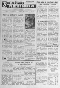 ~ - Л 1 П р о л е т а р и я в с е х с т р а н , с о е д и и я н т е с ь ! О р г а н С е в е р н о г о р а й к о м а К П С С и р а й о н н о г о С о в е т а д е п у т а т о в т р у д я щ и х с я Н о в о с и б и р с к о й о б л а с т и № 8 5 ( 3032) Г о д и з д а н и я 32-й 15 и ю л я 1967 г. С у б б о т а Це на 2 коп. П а сту х дойного г у р т а И ю л ь — б л а г о п р и я т н ы й м е с я ц д л я в ы с о к и х н а д о е в м о л о к а . Н о р о с т е г о п р о и з в о д с т в а н а х о д и т с я в п р я м о й з а в и с и м о с т и о т т р у д а л ю д е й , к о т о р ы е п а с у т с к о т . О б ъ я с н и т ь э г о м о ж н о п р о с т о : х о р о ш о п о п а с ё т п а с т у х к о р о в , с в о е в р е м е н н о с м е н и т п а с т б и щ е , н а п о и т их в о в р е м я — б у д е т м о л о к о . К п о д б о р у п а с т у х о в д о й н ы х г у р т о в о ч е н ь с е р ь е з н о о т н е с л и с ь в к о л х о з е им. XXI I с ъ е з д а К П С С . К о р о в т у г п а с у т п р е и м у щ е с т в е н н о т а к и е к о л х о з н и к и , к о т о р ы е и м е ю т 3 — 4 - л е т н и й и б о л ь ш и й с т а ж р а б о т ы . П . И . С у г л о б о в , н а п р и м е р , и з Ко - б а т о в о п а с е т д о й н ы й г у р т у ж е с е м ь л е т . П я т ы й г о д с ним р а б о т а е т И . Е . П и н т у - с о в . О н и п р и ш л и к в ы в о д у , ч т о л у ч ш е в с е г о п а с т и ж и в о т н ы х в о л ь н о к р у г л ы м и с у т к а м и Ш ^ г о н я т ь и х в з а г о н . Э т о ^ ^ Э х р р о ш и е р е з у л ь т а т ы . т о в а р и щ и С у г л о б о в , П и н г у с о в и В и н н и к о в о б е с п е ч и л и н а д о й в и юн е по 4 0 2 к и л о г р а м м а м о л о к а на к о р о в у . А н а д о й п о и х г у р т у з а п о л у г о д и е — с а мы й в ы с о к и й в р а й о н е . В с р е д н е м о т к о р о в ы п о л у ч е н о по 1 7 4 3 к и л о г р а м м а . П р и б а в к а м о л о к а по с р а в н е н и ю с э т и м ж е п е р и о д о м п р о ш л о г о г о л а с о с т а в и л а п о ч т и п я т ь с п о л о в и н о й ц е н т н е р о в . З а с л у ж и в а е т б л а г о д а р н о с т и р а б о т а п а с т у х о в Г р а ж д а н ц е в - с к о й ф е р м ы э т о г о ж ё к о л х о з а Н . А ф а н а с ь е в а , А , З а й ц е в а , И . Ш у р м е л е в а , В . Т о - м а ш е н к о и Н . Ш т р а у б , п о л у ч и в ш и х в и ю н е с в ы ш е 3 8 0 к и л о г р » * - ^эв м о л о к а о т к а ж д о й А с н а ч а л а г о д а н а д ^ Щ ) и х г у р т у с о с т а в и л б о л е е 1 6 ц е н т н е р о в н а к о р о в у и л и н а 5 3 3 к и л о г р а м м а б о л ь ш е , ч е м з а ш е с т ь м е с я ц е в в 19 6 6 г о д у . О б е с п е ч и л и о н и т а к о е р е з к о е п о в ы ш е н и е п р о д у к т и в н о с т и с к о т а т е м , ч т о п р а в и л ь н о и с п о л ь з у ю т в о з м о ж н о с т и п а с т б и щ н о г о п е р и о д а , д о м и н и м у м а с в е л и л и ш н и е е г о п е р е г о н ы . К а к о д о б р о с о в е с т н ы х л ю д я х , в н а д е ж н ы х р у к а х к о т о р ы х н а х о д и т с я о б щ е с т в е н н ы й с к о т , о т з ы в а ю т с я д о я р к и К о р д о н о в с к о й ф е р м ы к о л х о з а „ П у т ь к к о м м у н и з м у " о В . Г а п о н ь к о и Е . С а в а с т е - е в е . М а с т е р а м и с в о е г о д е л а з а р е к о м е н д о в а л и с е б я п а с т у х и Н о в о - Н и к о л ь с к о й ф е р м ы к о л х о з а „ П а м я т ь Л е н и н а " М . К у з н е ц о в и М. Н а з а р о в , е ж е г о д н о о б е с п е ч и в а ю щ и е в ы с о к и е н а д о и . Н е л е г о к , н о п о ч е т е н т р у д п а с т у х а . О т е г о р а б о т ы в о м н о г о м з а в и с и т р е ш е н и е з а д а ч и у в е л и ч е н и я п р о и з в о д с т в а п р о д у к т о в ж и в о т н о в о д с т в а , в ы п о л н е н и е р а й о н н о г о о б я з а т е л ь с т в а - п р о д а т ь г о с у д а р с т в у 8 5 т ы с я ч ц е н т н е р о в м о л о к а . У с л о в и я д л я п о л у ч е н и я в ы с о к и х н а д о е в и м е ю т с я п о в с е м е с т н о , н у ж н о т о л ь к о п о л н о с т ь ю , и х и с п о л ь з о в а т ь . Э т о с е й ч а с о д н а и з в а ж н е 
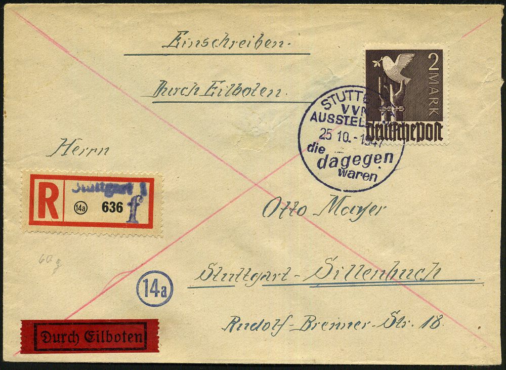 3554 | 40 € | WESTZONEN / BIZONE / TRIZONE (BIS 1949) : STUTTGART/ VVN/ AUSSTELLUNG/ die/ dagegen/ waren 1947 (25.10.) blau-schw. SSt auf seltener EF 3 Mk. "Friedens-taube" (Mi.961 + 350.- EUR) + provis. RZ: Stuttgart 1/f, etwas überfrankierter, seltener Orts-Doppel-Eil-R-Bf., rs. AS. (Bo.105) | ![]() | |
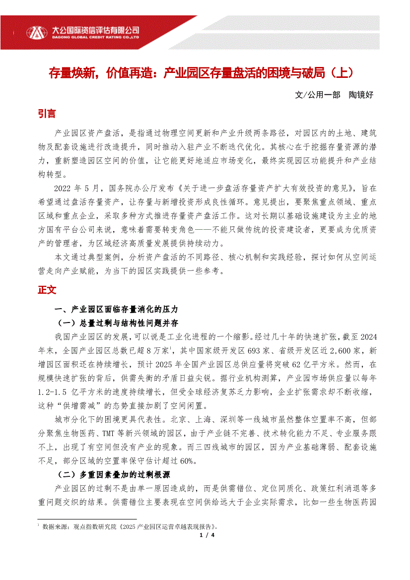 产业园行业:大公国际-产业园行业:存量焕新,价值再造,产业园区存量盘活的困境与破局(上)-260402
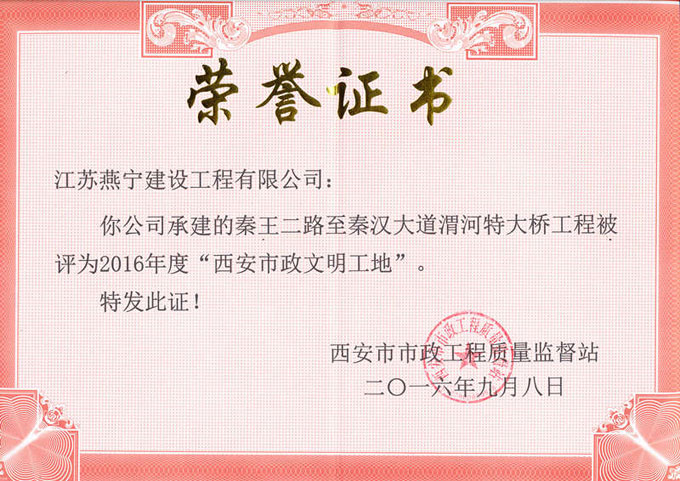 由江蘇燕寧工程科技集團有限公司參與建設的西安市秦王二橋工程喜獲2016年“西安市市政文明工地”稱號。
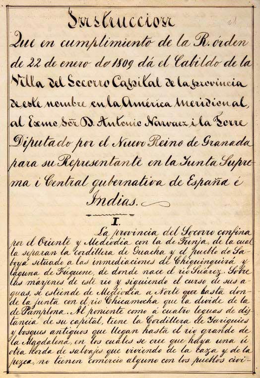 La Instrucción preparada en el Socorro, el 20 de octubre de 1809, aspiraba a que la Junta Central formara una nueva carta constitucional que destruyera ese edificio gótico que ha levantado la mano lenta de los siglos, y que parecía eterno como nuestros males. Esa constitución debía corresponder al progreso de las luces, que difunde las ideas de humanidad por todas las clases de la sociedad. El nuevo pacto social debía incluir la supresión de las clases estériles, haría a los indios propietarios de parcelas y aboliría la esclavitud para que entren éstos en sociedad como las demás razas libres que habitan las Américas.
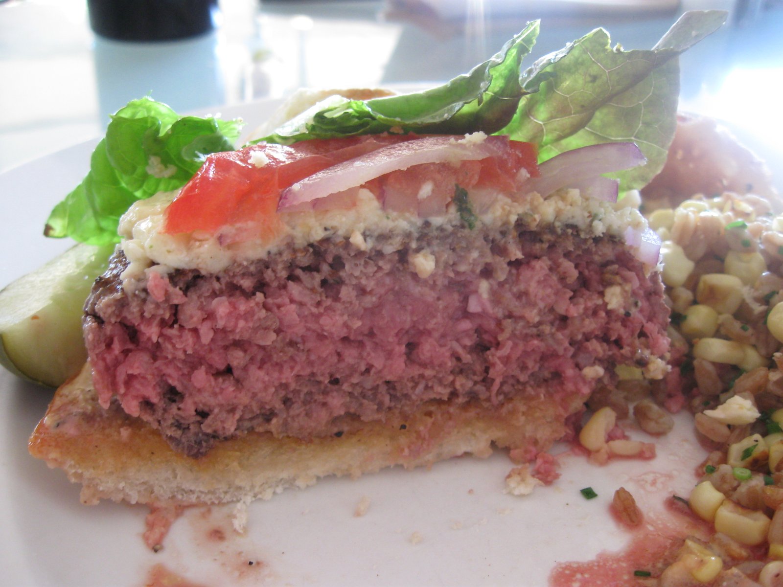 The accompaniment for the bison burger was something new to me – fresh cut California corn mixed with farro, which the waiter spelled out and identified as an Egyptian grain (in that case, shouldn't it be spelled Pharaoh?). According to Wikipedia, farro seems to be a name used for three different types of primitive wheats – the sort of things that ancient Egyptians would have actually eaten. Not usually made into bread or pasta, it's normally served in the whole grain or berry fashion as in this dish. While unusual, I appreciated this accompaniment more than something like french fries. The sweet corn and whole-grain flavors and chewy textures were a nice contrast to the rest of the plate.
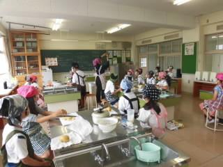 5年生は、家庭科でジャガイモをむいて、料理をしていました。
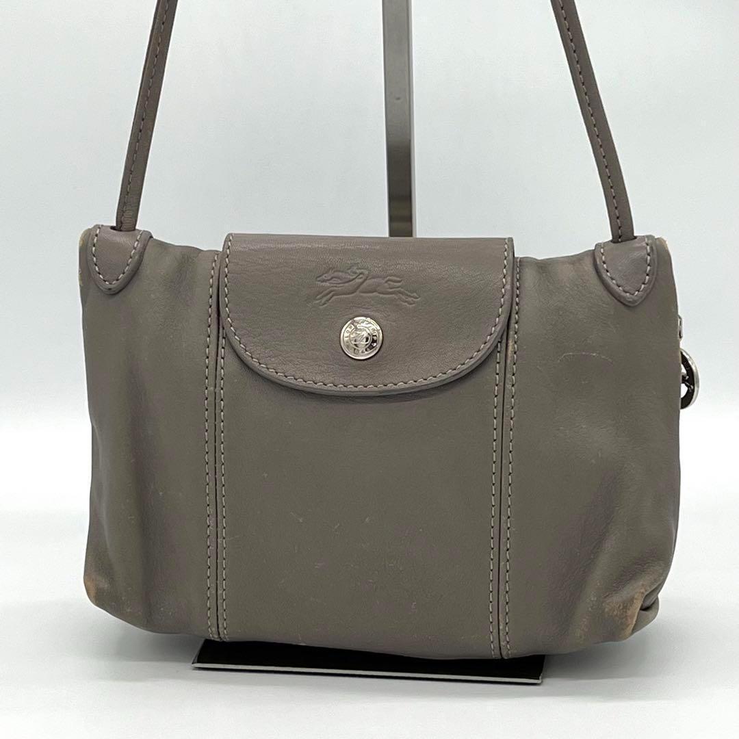 > 【良品】LONGCHAMP ロンシャン キュイール ポシェット ショルダーバッグ クロスボディ ミニバッグ 斜めがけ レディース グレー BJ000804
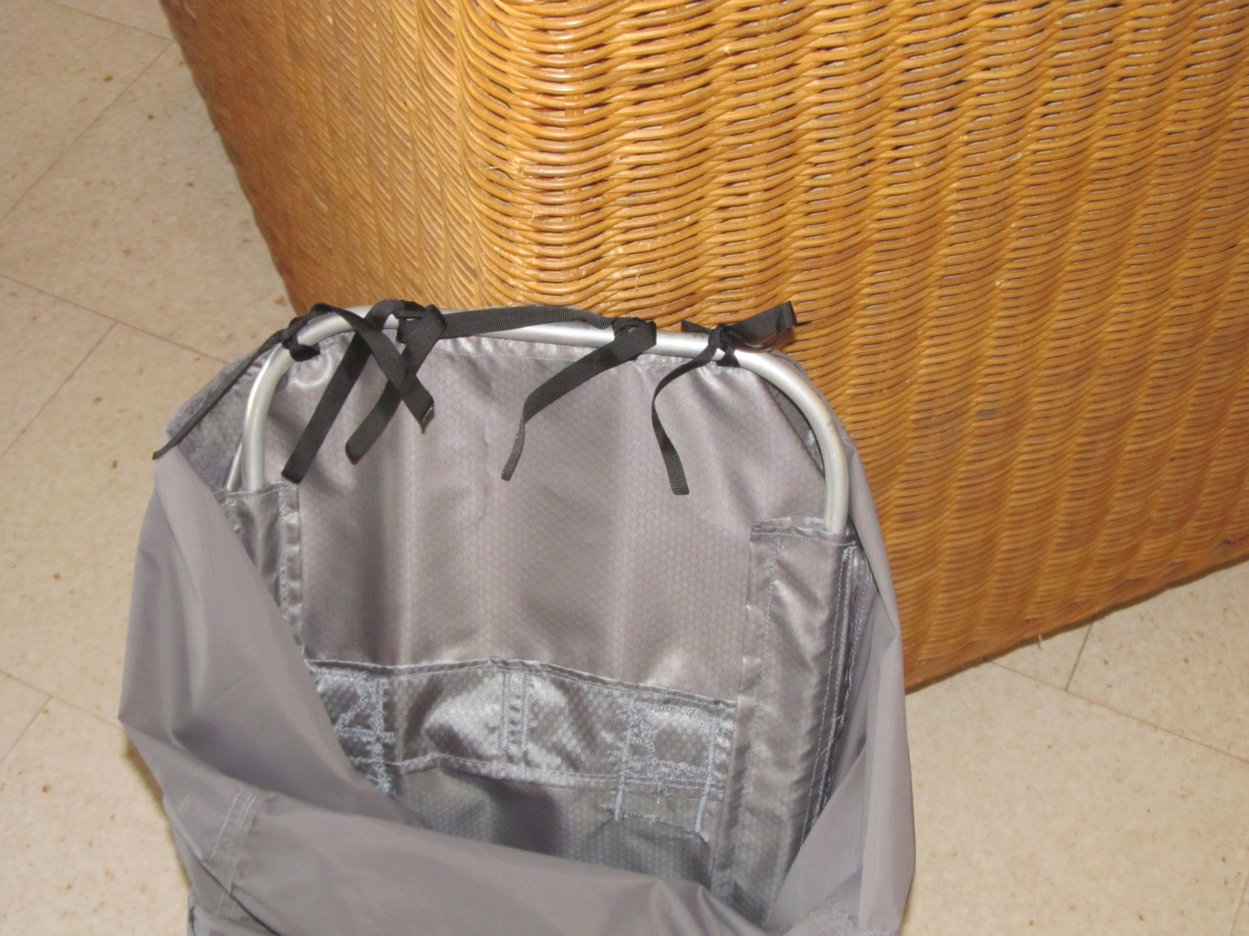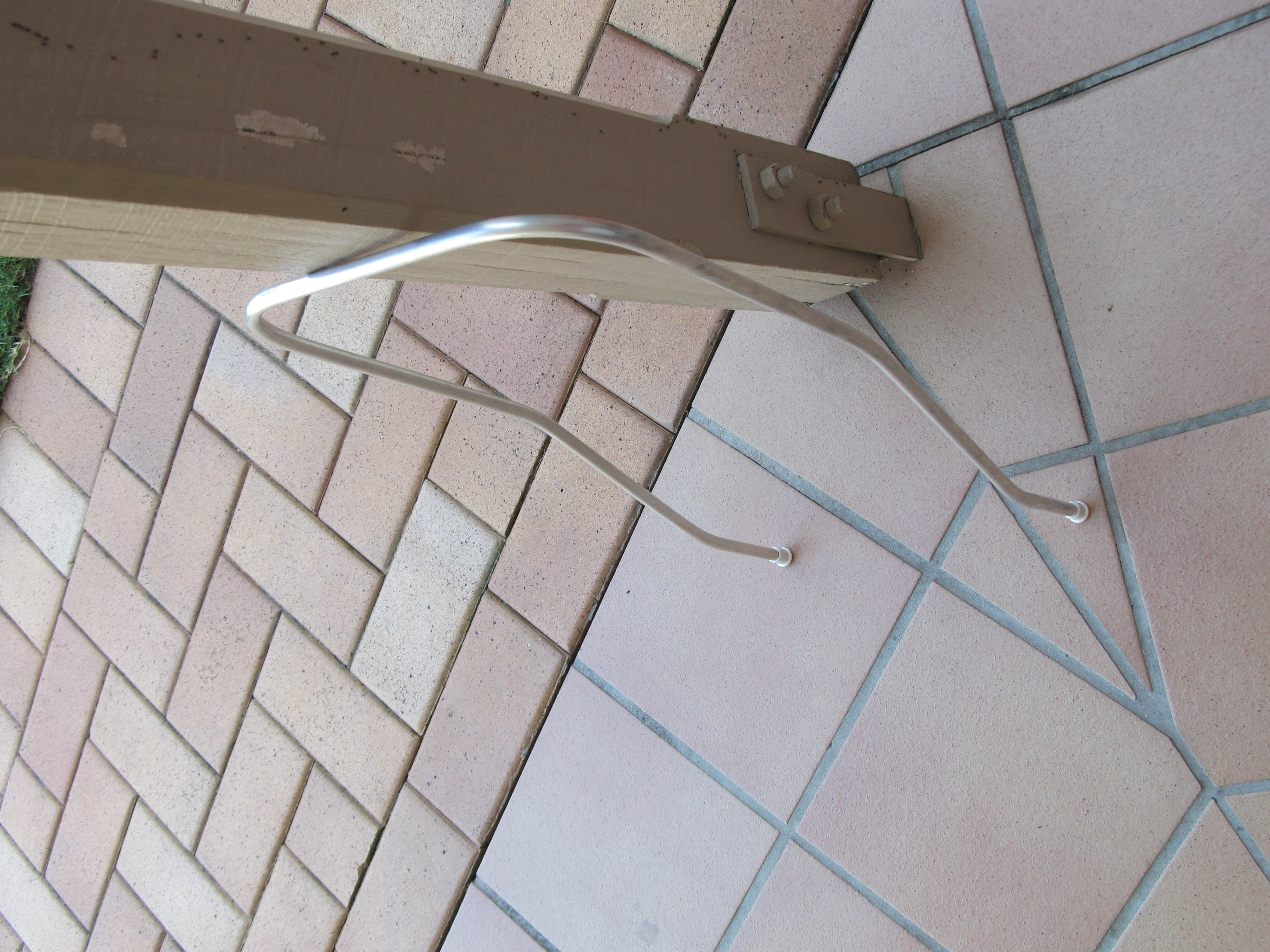 - made the frame from 10mm aluminium tube from local hardware store, $6 for 3m length. Plug one end by hammering in a piece for garden cane, fill with running table salt, tap and refill. Hammer in another piece of cane to compress the salt (this inhibits the tube from kinking). Hand bend over a childs rubber rimmed wheel in a vice, cut over length, try and cut to the correct size. Hammer in two plastic furniture stoppers inot the frame feet to stop the frame ends cutting into the fabric.
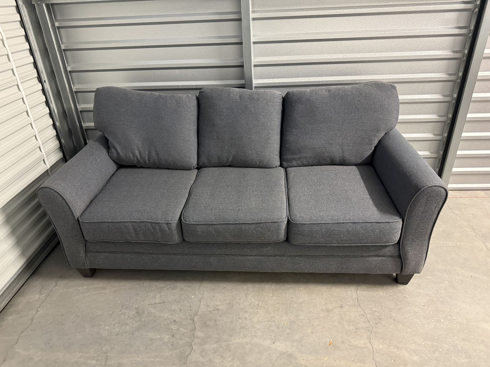ZelleColor is blue with interspersed white flakes to give a nice, light texture. Used but in good condition. Includes two throw pillows, not pictured.
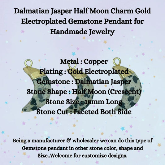 Dalmatian Jasper Half Moon Charm Gold/Silver Electroplated Gemstone Pendant for Handmade Jewelry
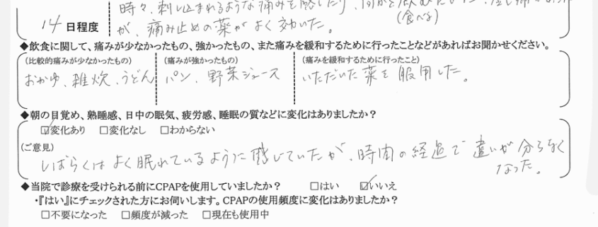 (痛みの程度について) 時々、刺し込まれるような痛みを感じたり、何かを飲む・食べる度に鈍痛があったが痛み止めの薬が良く効いた。

-- -- --

* **HOW TO COMPLETE THIS TASK**
If pictures appear among the entries above, omit them; repeat everything else verbatim.

* **TASK ANSWER**
 ~ - Л 1 П р о л е т а р и я в с е х с т р а н , с о е д и и я н т е с ь ! О р г а н С е в е р н о г о р а й к о м а К П С С и р а й о н н о г о С о в е т а д е п у т а т о в т р у д я щ и х с я Н о в о с и б и р с к о й о б л а с т и № 8 5 ( 3032) Г о д и з д а н и я 32-й 15 и ю л я 1967 г. С у б б о т а Це на 2 коп. П а сту х дойного г у р т а И ю л ь — б л а г о п р и я т н ы й м е с я ц д л я в ы с о к и х н а д о е в м о л о к а . Н о р о с т е г о п р о и з в о д с т в а н а х о д и т с я в п р я м о й з а в и с и м о с т и о т т р у д а л ю д е й , к о т о р ы е п а с у т с к о т . О б ъ я с н и т ь э г о м о ж н о п р о с т о : х о р о ш о п о п а с ё т п а с т у х к о р о в , с в о е в р е м е н н о с м е н и т п а с т б и щ е , н а п о и т их в о в р е м я — б у д е т м о л о к о . К п о д б о р у п а с т у х о в д о й н ы х г у р т о в о ч е н ь с е р ь е з н о о т н е с л и с ь в к о л х о з е им. XXI I с ъ е з д а К П С С . К о р о в т у г п а с у т п р е и м у щ е с т в е н н о т а к и е к о л х о з н и к и , к о т о р ы е и м е ю т 3 — 4 - л е т н и й и б о л ь ш и й с т а ж р а б о т ы . П . И . С у г л о б о в , н а п р и м е р , и з Ко - б а т о в о п а с е т д о й н ы й г у р т у ж е с е м ь л е т . П я т ы й г о д с ним р а б о т а е т И . Е . П и н т у - с о в . О н и п р и ш л и к в ы в о д у , ч т о л у ч ш е в с е г о п а с т и ж и в о т н ы х в о л ь н о к р у г л ы м и с у т к а м и Ш ^ г о н я т ь и х в з а г о н . Э т о ^ ^ Э х р р о ш и е р е з у л ь т а т ы . т о в а р и щ и С у г л о б о в , П и н г у с о в и В и н н и к о в о б е с п е ч и л и н а д о й в и юн е по 4 0 2 к и л о г р а м м а м о л о к а на к о р о в у . А н а д о й п о и х г у р т у з а п о л у г о д и е — с а мы й в ы с о к и й в р а й о н е . В с р е д н е м о т к о р о в ы п о л у ч е н о по 1 7 4 3 к и л о г р а м м а . П р и б а в к а м о л о к а по с р а в н е н и ю с э т и м ж е п е р и о д о м п р о ш л о г о г о л а с о с т а в и л а п о ч т и п я т ь с п о л о в и н о й ц е н т н е р о в . З а с л у ж и в а е т б л а г о д а р н о с т и р а б о т а п а с т у х о в Г р а ж д а н ц е в - с к о й ф е р м ы э т о г о ж ё к о л х о з а Н . А ф а н а с ь е в а , А , З а й ц е в а , И . Ш у р м е л е в а , В . Т о - м а ш е н к о и Н . Ш т р а у б , п о л у ч и в ш и х в и ю н е с в ы ш е 3 8 0 к и л о г р » * - ^эв м о л о к а о т к а ж д о й А с н а ч а л а г о д а н а д ^ Щ ) и х г у р т у с о с т а в и л б о л е е 1 6 ц е н т н е р о в н а к о р о в у и л и н а 5 3 3 к и л о г р а м м а б о л ь ш е , ч е м з а ш е с т ь м е с я ц е в в 19 6 6 г о д у . О б е с п е ч и л и о н и т а к о е р е з к о е п о в ы ш е н и е п р о д у к т и в н о с т и с к о т а т е м , ч т о п р а в и л ь н о и с п о л ь з у ю т в о з м о ж н о с т и п а с т б и щ н о г о п е р и о д а , д о м и н и м у м а с в е л и л и ш н и е е г о п е р е г о н ы . К а к о д о б р о с о в е с т н ы х л ю д я х , в н а д е ж н ы х р у к а х к о т о р ы х н а х о д и т с я о б щ е с т в е н н ы й с к о т , о т з ы в а ю т с я д о я р к и К о р д о н о в с к о й ф е р м ы к о л х о з а „ П у т ь к к о м м у н и з м у " о В . Г а п о н ь к о и Е . С а в а с т е - е в е . М а с т е р а м и с в о е г о д е л а з а р е к о м е н д о в а л и с е б я п а с т у х и Н о в о - Н и к о л ь с к о й ф е р м ы к о л х о з а „ П а м я т ь Л е н и н а " М . К у з н е ц о в и М. Н а з а р о в , е ж е г о д н о о б е с п е ч и в а ю щ и е в ы с о к и е н а д о и . Н е л е г о к , н о п о ч е т е н т р у д п а с т у х а . О т е г о р а б о т ы в о м н о г о м з а в и с и т р е ш е н и е з а д а ч и у в е л и ч е н и я п р о и з в о д с т в а п р о д у к т о в ж и в о т н о в о д с т в а , в ы п о л н е н и е р а й о н н о г о о б я з а т е л ь с т в а - п р о д а т ь г о с у д а р с т в у 8 5 т ы с я ч ц е н т н е р о в м о л о к а . У с л о в и я д л я п о л у ч е н и я в ы с о к и х н а д о е в и м е ю т с я п о в с е м е с т н о , н у ж н о т о л ь к о п о л н о с т ь ю , и х и с п о л ь з о в а т ь . Э т о с е й ч а с о д н а и з в а ж н е 
 3554 | 40 € | WESTZONEN / BIZONE / TRIZONE (BIS 1949) : STUTTGART/ VVN/ AUSSTELLUNG/ die/ dagegen/ waren 1947 (25.10.) blau-schw. SSt auf seltener EF 3 Mk. "Friedens-taube" (Mi.961 + 350.- EUR) + provis. RZ: Stuttgart 1/f, etwas überfrankierter, seltener Orts-Doppel-Eil-R-Bf., rs. AS. (Bo.105) | ![]() | |
 产业园行业:大公国际-产业园行业:存量焕新,价值再造,产业园区存量盘活的困境与破局(上)-260402
 由江蘇燕寧工程科技集團有限公司參與建設的西安市秦王二橋工程喜獲2016年“西安市市政文明工地”稱號。
 La Instrucción preparada en el Socorro, el 20 de octubre de 1809, aspiraba a que la Junta Central formara una nueva carta constitucional que destruyera ese edificio gótico que ha levantado la mano lenta de los siglos, y que parecía eterno como nuestros males. Esa constitución debía corresponder al progreso de las luces, que difunde las ideas de humanidad por todas las clases de la sociedad. El nuevo pacto social debía incluir la supresión de las clases estériles, haría a los indios propietarios de parcelas y aboliría la esclavitud para que entren éstos en sociedad como las demás razas libres que habitan las Américas.
 The accompaniment for the bison burger was something new to me – fresh cut California corn mixed with farro, which the waiter spelled out and identified as an Egyptian grain (in that case, shouldn't it be spelled Pharaoh?). According to Wikipedia, farro seems to be a name used for three different types of primitive wheats – the sort of things that ancient Egyptians would have actually eaten. Not usually made into bread or pasta, it's normally served in the whole grain or berry fashion as in this dish. While unusual, I appreciated this accompaniment more than something like french fries. The sweet corn and whole-grain flavors and chewy textures were a nice contrast to the rest of the plate.
 5年生は、家庭科でジャガイモをむいて、料理をしていました。
 > 【良品】LONGCHAMP ロンシャン キュイール ポシェット ショルダーバッグ クロスボディ ミニバッグ 斜めがけ レディース グレー BJ000804
 - made the frame from 10mm aluminium tube from local hardware store, $6 for 3m length. Plug one end by hammering in a piece for garden cane, fill with running table salt, tap and refill. Hammer in another piece of cane to compress the salt (this inhibits the tube from kinking). Hand bend over a childs rubber rimmed wheel in a vice, cut over length, try and cut to the correct size. Hammer in two plastic furniture stoppers inot the frame feet to stop the frame ends cutting into the fabric.
ZelleColor is blue with interspersed white flakes to give a nice, light texture. Used but in good condition. Includes two throw pillows, not pictured.
 Dalmatian Jasper Half Moon Charm Gold/Silver Electroplated Gemstone Pendant for Handmade Jewelry
 (痛みの程度について) 時々、刺し込まれるような痛みを感じたり、何かを飲む・食べる度に鈍痛があったが痛み止めの薬が良く効いた。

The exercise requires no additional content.